This came up in another thread. I gave some advice that I'm not longer sure of. Rather than hijacking that thread, I figured I'd start my own. I advised against using the == in that thread. The context was this:

string subChoice ="";
getline(cin,subChoice);

if (subChoice == "100")
{
     // code
}

Ancient Dragon said the above was fine and that compare was unnecessary.
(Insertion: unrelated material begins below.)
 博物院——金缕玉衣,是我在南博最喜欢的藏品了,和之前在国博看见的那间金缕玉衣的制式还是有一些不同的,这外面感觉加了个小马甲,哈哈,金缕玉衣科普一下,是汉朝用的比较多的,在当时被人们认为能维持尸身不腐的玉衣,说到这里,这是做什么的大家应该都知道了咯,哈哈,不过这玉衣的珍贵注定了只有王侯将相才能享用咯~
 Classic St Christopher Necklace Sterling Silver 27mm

So I wondered if maybe == was only bad when comparing two string variables, so I did a little test program and it worked:

#include <iostream>
#include <string>
using namespace std;

int main ()
{
    string a = "hello";
    string b = "hello";
    if (a == b)
         cout << "a and b are the same." << endl;
         
    return 0;
}

The line displayed to the screen. So my question is when is it bad to use == when comparing strings? I thought the program above was not supposed to work. Apparently I was mistaken. If it's always fine to use ==, do we ever need to use the "compare" function?

>>string subChoice ="";
It isn't necessary to provide an initializer for strings because that's the default. Just string subChoice; is sufficient.

>> do we ever need to use the "compare" function
You use it when you need to know if one string is less than, equal to, or greater than the second string, such as in sorting algorithms. You could also use the < and > operators but then that might be too slow when used in if conditions because the comparison would have to be repeated.
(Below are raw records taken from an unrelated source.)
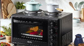 This compact appliance merges a spacious 32L convection oven with two integrated hot plates, delivering true multifunctionality. Ideal for baking, roasting, boiling, or frying, it’s a space-saving solution that brings both oven and stovetop cooking into one versatile unit.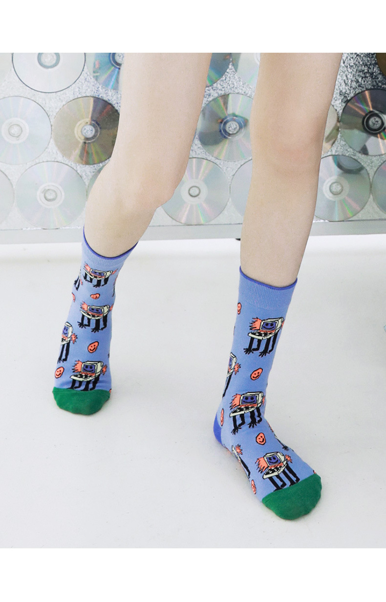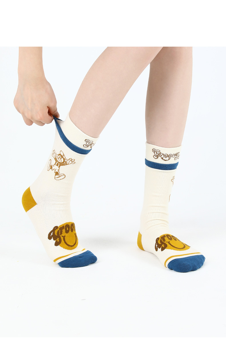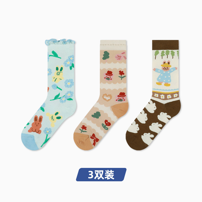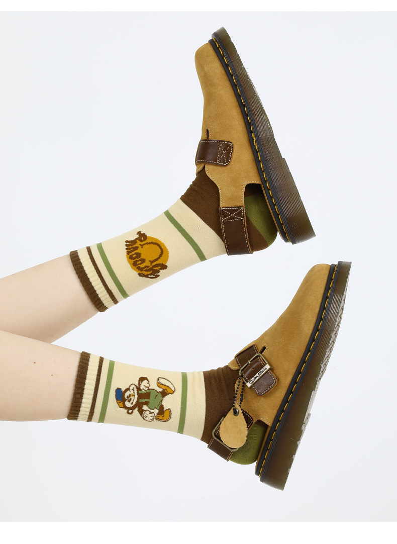 DAMAHOOV 봄과 가을 원래 만화 번개 고양이 도파민 조수 양말 일러스트 양말 남성과 여성을위한 미드 튜브 양말스토어 가기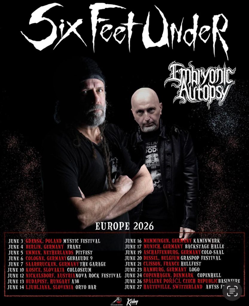 Six Feet Under have announced a European tour for the June. Support on select shows will come from Embryonic Autopsy.

O.K. Just ran this through the debugger. Looks like my understanding of strings was incorrect. I had thought that a and b were addresses. I thought a pointed to some array of characters and that b pointed to some different array of characters. I thought that a pointed to where 'h' was stored in the first array of characters and b pointed to where 'h' was stored in the second array of characters, which would be two separate addresses and thus a and b would not be equal. Apparently this is incorrect?

>>Apparently this is incorrect?
Yes. You are confusing std::string for C character arrays. Had a and b been declared like this then you would be right

char* a = "hello";
char* b = "hello";
// now to compare the two string you have to call strcmp()
int n = strcmp(a,b);
//if you use == to compare a and b then you will get the wrong 
//answer
if( a == b) // <<<<<< wrong when comparing two strings

Note that the term string above does NOT mean std::string but null-terminated character arrays. In the above a and b are pointers and they point to character arrays.

commented: Thanks. +2

Well, it is possible that using == there will get the right answer, maybe, in that particular case, because the constant string literals "hello" and "hello" could evaluate to the same pointer if the compiler is smart enough.

Heres the same basic information using a slightly different explanation:

Given:
string a = "hello";

a is not an address. The STL string object may have within it a char * (to be used as a C style string) as a member variable, in addition to other member variables such as length, etc, but it is not the same as a stand alone char *. The relevant STL string constructor may be set up something like this:

string::string(const char * input)
{
   length = strlen(input);
   embeddedCharPtr = new char[len + 1];
   strncpy(embeddedCharPtr, input, length);
};

(I can only hope that I used the correct const syntax as I generally screw it up one way or the other).

The STL compare() function is probably a wrapper for strcmp() which can return the entire range of the values from strcmp() whereas the == operator probably only asks if the return value is zero from a call to strcmp() and if so then the == operator returns true, otherwise it returns false.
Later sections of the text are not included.